Intervista a Ilaria Delli Paoli: “Ce la mettiamo tutta per affrontare un nuovo tipo di performance che in Italia non esiste”

  1. di Davide Speranza

Era il 1982 quando esplodeva sulla scena teatrale uno spettacolo che avrebbe fatto storia a Napoli e non solo. Tango Glaciale, di Mario Martone, spaccava la tradizione asfittica nazionale ed esponeva il pubblico a un immaginario visivo cui si approdò grazie a nuovi azzardi drammaturgici. Compagnia di bandiera del nuovo sperimentalismo era Falso Movimento dello stesso Martone (per Tango, in scena c’erano Licia Maglietta, Andrea Renzi e Tomas Arana) che poi andò a fondersi con Teatro dei Mutamenti di Antonio Neiwiller e Teatro Studio di Toni Servillo: nasceva così Teatri Uniti. Forse non è un caso che quel fermento partisse da Napoli, da un Sud pronto a sganciarsi dai cliché tradizionalisti, mettendosi a nudo in una nuova ottica di cromia emotiva.

E poi? Che senso ha parlare di sperimentalismo oggi? Esistono ancora gli sperimentatori? L’attrice e docente teatrale Ilaria Delli Paoli preferisce il termine “ibridazione”, riferendosi all’ottica di intreccio e crossmedialità performativa contenuta in certo teatro contemporaneo: attorialità, audiovisivo, tecnologia sonora, pittura, installazione. La vera sperimentazione sta nello studio di nuovi incontri tra dinamiche artistiche. Una forma, quella ibrida, che la Delli Paoli – insieme ai compagni di viaggio, Paky di Maio e Francesco Zentwo Palladino – porta avanti con successo, tant’è che il gruppo da loro creato, Electroshock therapy (EST), è stato selezionato per il terzo anno consecutivo alla Biennale di Venezia, approdando così alla fase finale delle performance site-specific.
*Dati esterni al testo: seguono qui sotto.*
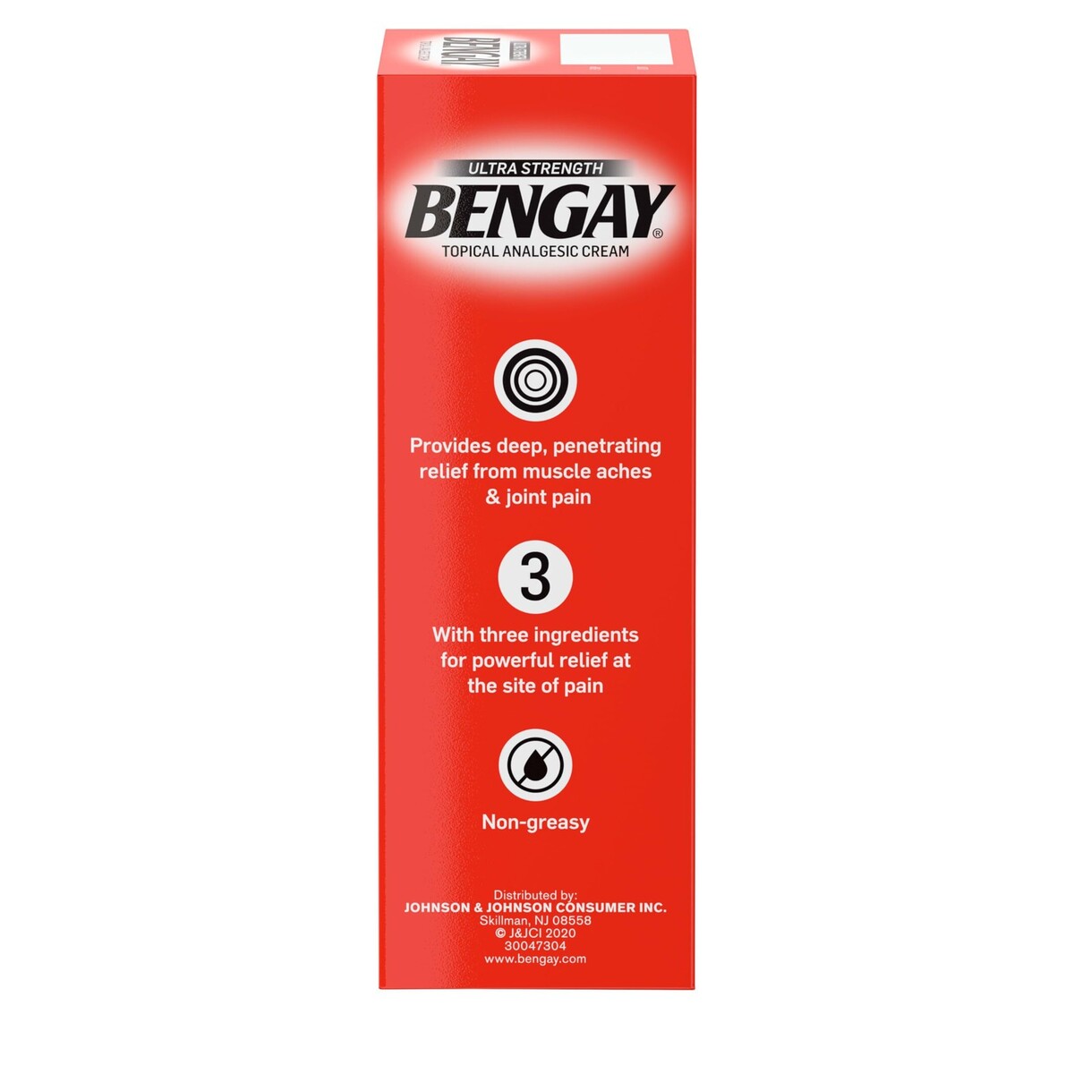 3 Tubes Expiration Date of 04/2026 ? 2-ounce tube of non-greasy Bengay Ultra Strength Topical Pain Relief Cream with three powerful ingredients to ease backaches, minor arthritis, muscle, and joint pain ? Topical analgesic cream provides penetrating relief from muscle aches and joint pain. It contains three pain-relieving ingredients for powerful relief at the site of pain: 4% camphor, 10% menthol, and 30% methyl salicylate ? Pain relief cream provides temporary relief from minor aches and pains of muscles and joints associated with simple backaches, minor arthritis pains, strains, bruises, and muscle sprains ? Bengay, a physician-recommended OTC topical analgesic brand, contains more pain-relieving ingredients than any other Bengay product. Adults and children 12 years and older, apply to the affected area no more than three to four times daily ? Pack the topical pain relief analgesic in a convenient tube in your gym bag or suitcase for port-able on-the-go relief from aches, minor arthritis, joint, and back pain

Il loro è un viaggio lungo, verso la Serenissima, disturbato dalla mia telefonata, che li coglie alle prese con autostrade e gallerie. Prima tappa è il Teatro studio Lanciano, a Treglio, in terra abruzzese, dove prima della giornata veneziana, Ilaria e Paky (accompagnati anche da Roberto Solofria e Nicola Bove, elementi di Teatro Civico 14 fondato dalla stessa Delli Paoli) porteranno un loro cavallo di battaglia, Di un Ulisse di una Penelope. Teatro on the road, verrebbe da dire. Ma sarà il tempo di una serata, poi via verso Pescara, sopra un treno in corsa per la Laguna, trascinando valigie e bagagli-mondo che conservano in grembo strumentazioni, teli, strutture di scena, costumi. Dead Line è il titolo della performance candidata alla vittoria finale.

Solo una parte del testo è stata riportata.